Comparison of surface micro morphology of the tensile specimens with different corrosion rates: (a) W = 0%, (b) W = 5%, (c) W = 10%, (d) W = 15%, (e) W = 20%, and (f) W = 25%.
Results from scanning electron microscopy analysis
To analyse the microstructure and corrosion resistance of Q235 steel, Figure 6 illustrates the significant differences in the microscopic morphology of the tensile fracture area of the corroded steel plate. At a corrosion ratio of W = 5%, the surface of the tensile fracture displays numerous large and deep dimples, indicating good plasticity of the sample. However, at a corrosion ratio of W = 15%, the dimples appear smaller and shallower, suggesting a decrease in plasticity. Nonetheless, the sample retains acceptable plasticity at this stage. When W = 20%, the fracture micromorphology shows not only many small dimples but also distinct cleavage planes, indicating a predominance of brittle fracture in the sample. Finally, at W = 25%, the dimples disappear entirely, leaving only step-shaped cleavage planes that increase in number, confirming a transition to brittle fracture.
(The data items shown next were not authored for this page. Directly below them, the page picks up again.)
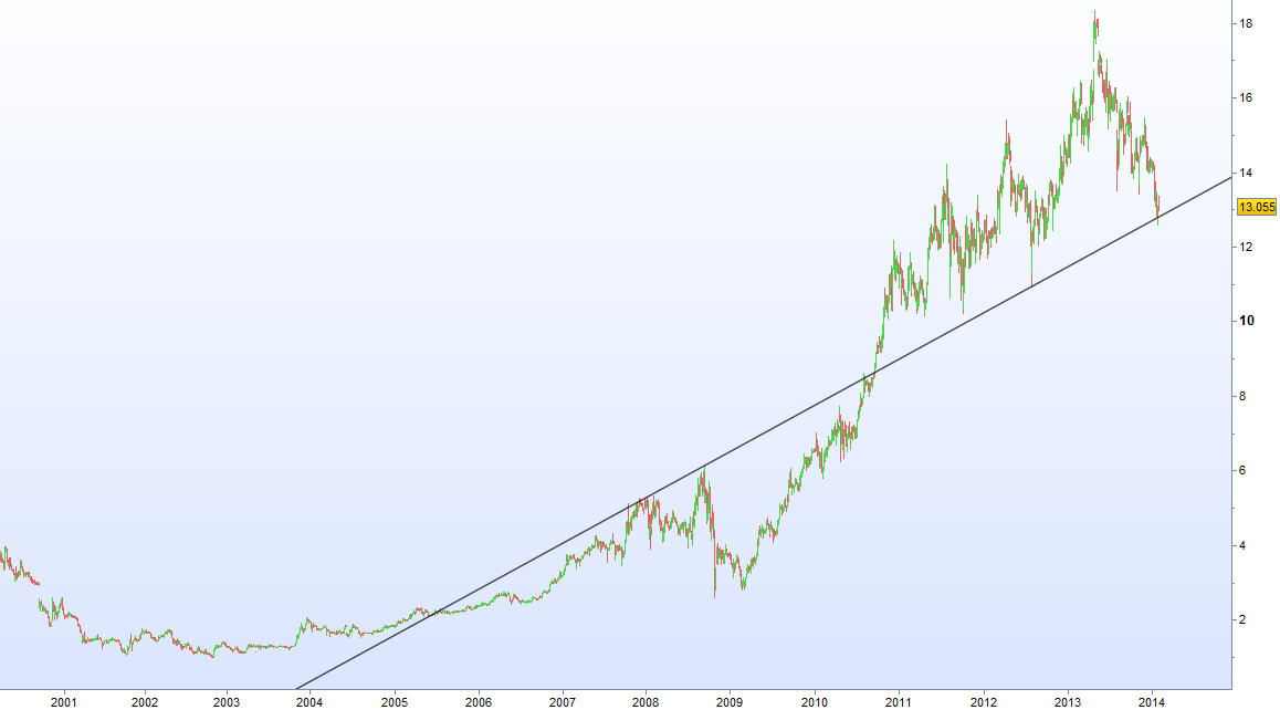 olhando para esse grafico, como já tinha visto a uns dias atrás, dá-nos a ideia que está prestes a virar a tendencia e até meados do ano, ou por volta da data dos dividendos estará entre os 15€ e os 16€... apenas uma opiniao baseada em AT de longo prazo e AF dos fundamentais da JMT...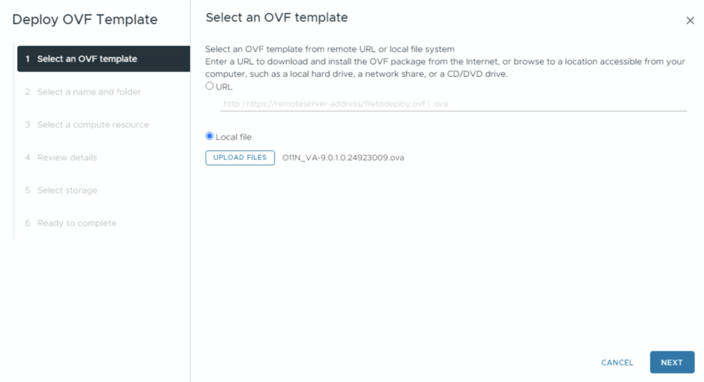 Start the Wizard: Right-click your desired cluster or host and select Deploy OVF Template. Upload the OVA file you just downloaded.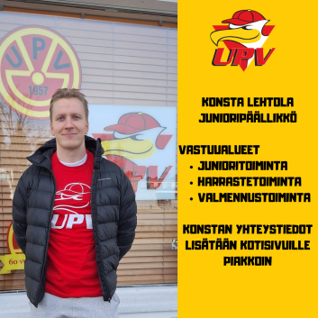 UPV:n uusi junioripäällikkö on valittu UPV:n uusi junioripäällikkö on 23-vuotias Konsta Lehtola, joka on nähnyt pesäpalloa enimmäkseen kentän pinnalla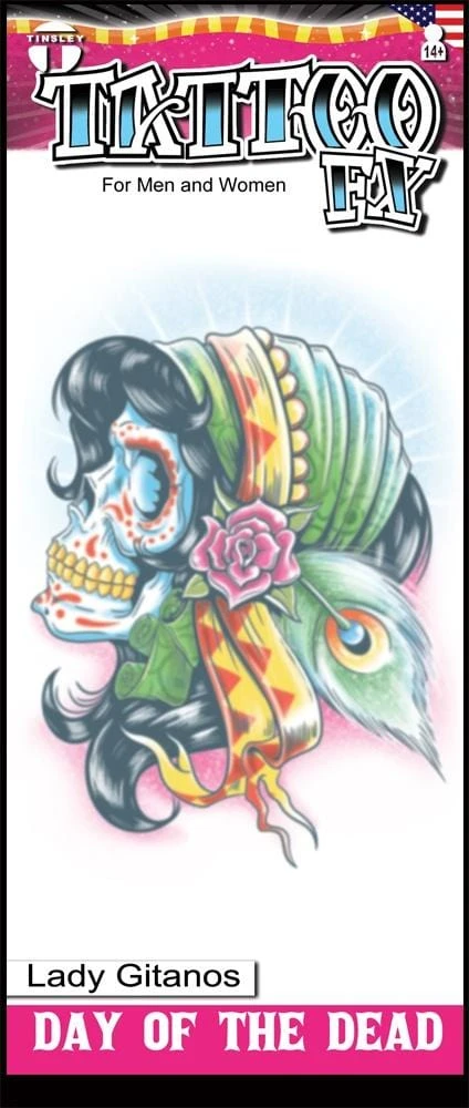 Day of the Dead Lady Gitanos Temporary Tattoo. Complete your Mexican costume with this great tattoo. Size 9x14cm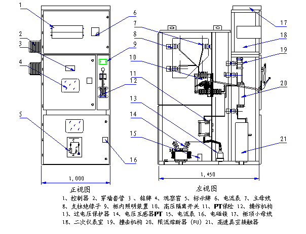 整套裝置為固定式開關(guān)柜,外型尺寸可根據(jù)用戶要求加工,6kV(或10kV)仿GZS1柜子結(jié)構(gòu)如下圖所示,對6kV、10kV的柜體,考慮今后用戶檢修方便,寬度一般不小于1000,對于35kV柜體,寬度一般不小于1800;深度和高度可以按照與其并柜的柜體尺寸來定。下圖中尺寸為推薦尺寸。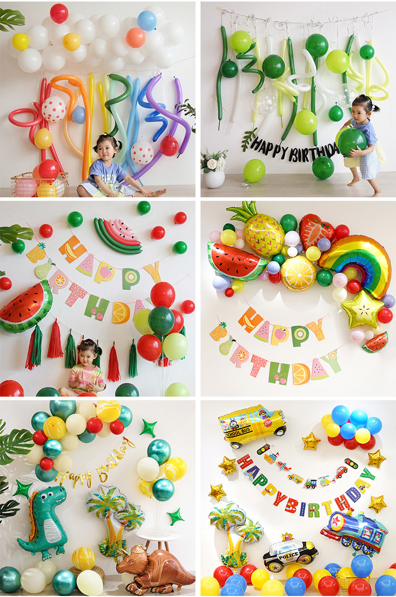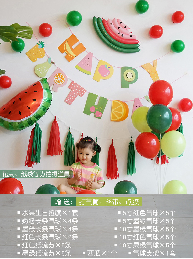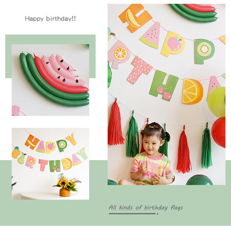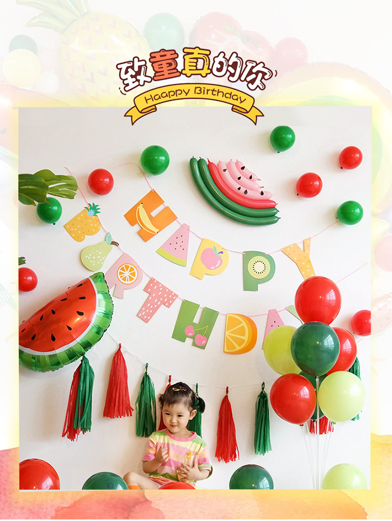 Fruit themed baby first birthday layout internet celebrity ins girl cartoon balloon background wall scene decoration

Comparison of tensile fracture morphology of specimens exhibiting different corrosion ratios: (a) W = 5%, (b) W = 10%, (c) W = 15%, (d) W = 20%, and (e) W = 25%.
Figure 7(a) is the three-dimensional morphology of a random field of view of acid rain corrosion. There are large pits on the surface; the maximum pit depth is 10.0 μm. As the degree of acid rain corrosion deepens (W = 10%), the rough surface area increases, the corrosion pits deepen and widen, as shown in Figure 7(b), the pit depth is 29.6 μm. In Figure 7(c), it can be seen that the deepest point is 42.2 μm, and the surface is completely corroded. Figure 7(d) shows the three-dimensional morphology of the surface of the acid rain corrosion sample. The surface is very rough and mainly pitting. The pit shape in the middle part is obviously larger in size, and the depth of the corrosion pit deepens. In Figure 7(e), it can be seen that the pit shape is obviously that the maximum depth is 81 μm and there is basically no plane. This shows that the corrosion of Q235 steel in the acid rain corrosion environment is not uniform but will form many pits.
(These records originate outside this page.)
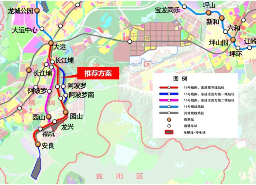 16號線南延對于支持重點產業(yè)區(qū)發(fā)展、強化龍崗中心城與橫崗、鹽田的區(qū)域聯(lián)系、構筑城際樞紐具有重要意義。線路從大運站引出,沿龍崗大道敷設,轉入長江埔路并設長江埔站,然后向南進入阿波羅產業(yè)園并設阿波羅站,繼續(xù)向南進入阿波羅產業(yè)區(qū)并設阿波羅南站,向南進入萬福路并設園山站,然后沿公園路敷設,轉入沙荷路在沙荷路與龍興路交叉口設龍興站,在沙荷路與安業(yè)路交叉口設??诱?,最后沿惠鹽中路進入安良村,設終點站安良站。線路全長約7.8km,采用地下敷設。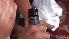 Tony coloca um pouco de lubrificante em seu pênis e a masturba gentilmente, acariciando suas coxas e ânus e ejaculando em seu estômago.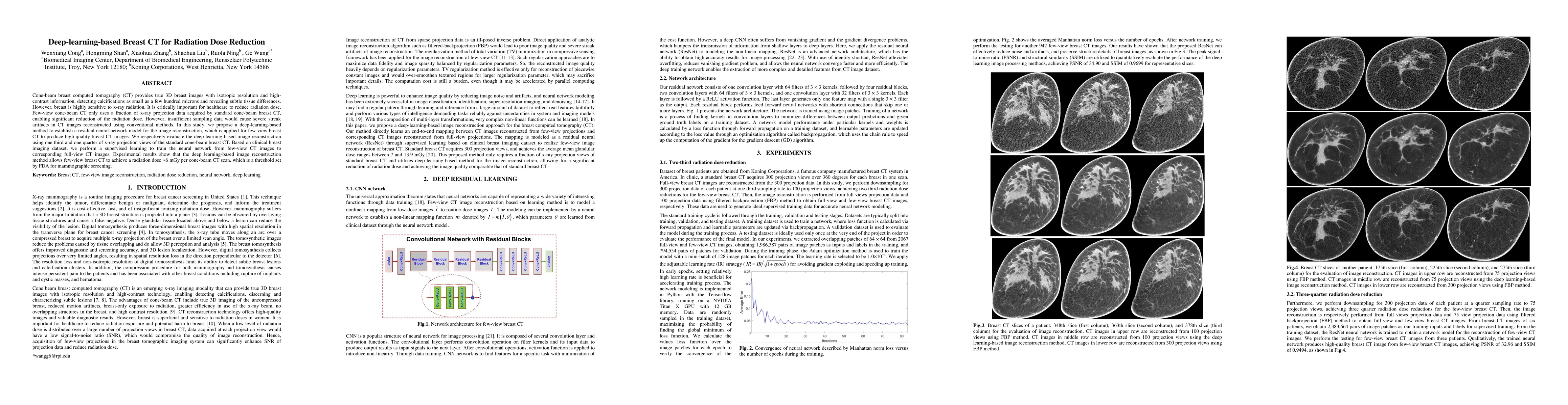 This study proposes a deep-learning-based method using residual neural networks to reconstruct high-quality images from few-view cone-beam breast CT scans, significantly reducing radiation dose while maintaining image quality. The method achieves a radiation dose of <6 mGy per scan, meeting FDA standards for mammographic screening.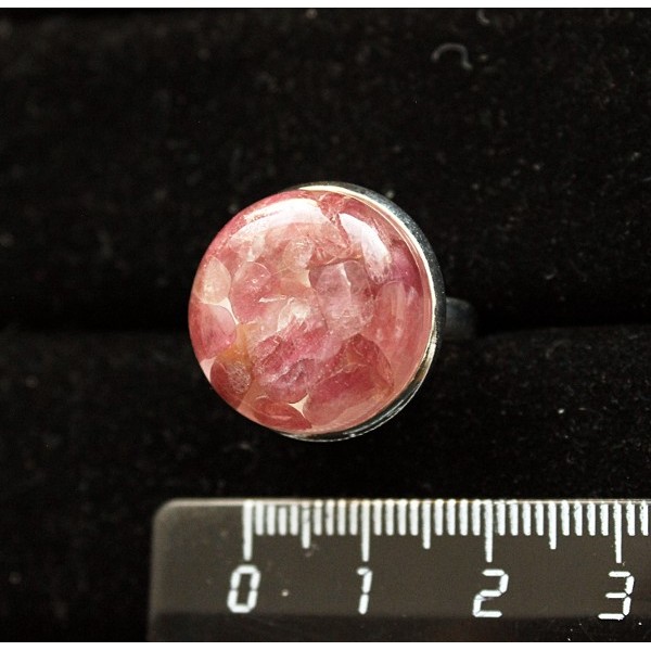 Кольцо из турмалина розового (кабашон-мозаика), круг 18мм, безразмерное

Morphologies of Q235 steel after corrosion with different corrosion ratio: (a) W = 5%, (b) W = 10%, (c) W = 15%, (d) W = 20%, and (e) W = 25%.
X-ray diffraction analysis
The XRD test of the rust layer of Q235 steel is shown in Figure 8. The main components of the rust layer of Q235 steel are Fe3O4, α-FeOOH, β-FeOOH, and γ-FeOOH. α-FeOOH is a stable corrosion product of Q235 steel and an important component of the rust layer to resist acid rain erosion. Fe3O4 has good thermodynamic stability and has a certain degree of protection for steel, while β-FeOOH and γ-FeOOH have weak stability and have no obvious contribution to the steel matrix in resisting erosion and corrosion. During the acid rain corrosion process, γ-FeOOH will transform into α-FeOOH and Fe3O4, and γ-FeOOH will also transform into β-FeOOH.13–14 The XRD test results of the rust layer of Q235 steel show that the diffraction peaks of α-FeOOH and Fe3O4 are high only in the early stage of corrosion. At the following corrosion levels, the phases corresponding to the highest diffraction peaks are β-FeOOH and γ-FeOOH. This means that as the corrosion intensifies, the Q235 rust layer is not corrosion-resistant and cannot slow down the corrosion rate. Q235 steel contains a certain amount of α-FeOOH and Fe3O4 at the same time, which may be due to the influence of trace elements in weathering steel on the transformation of γ-FeOOH during the corrosion process.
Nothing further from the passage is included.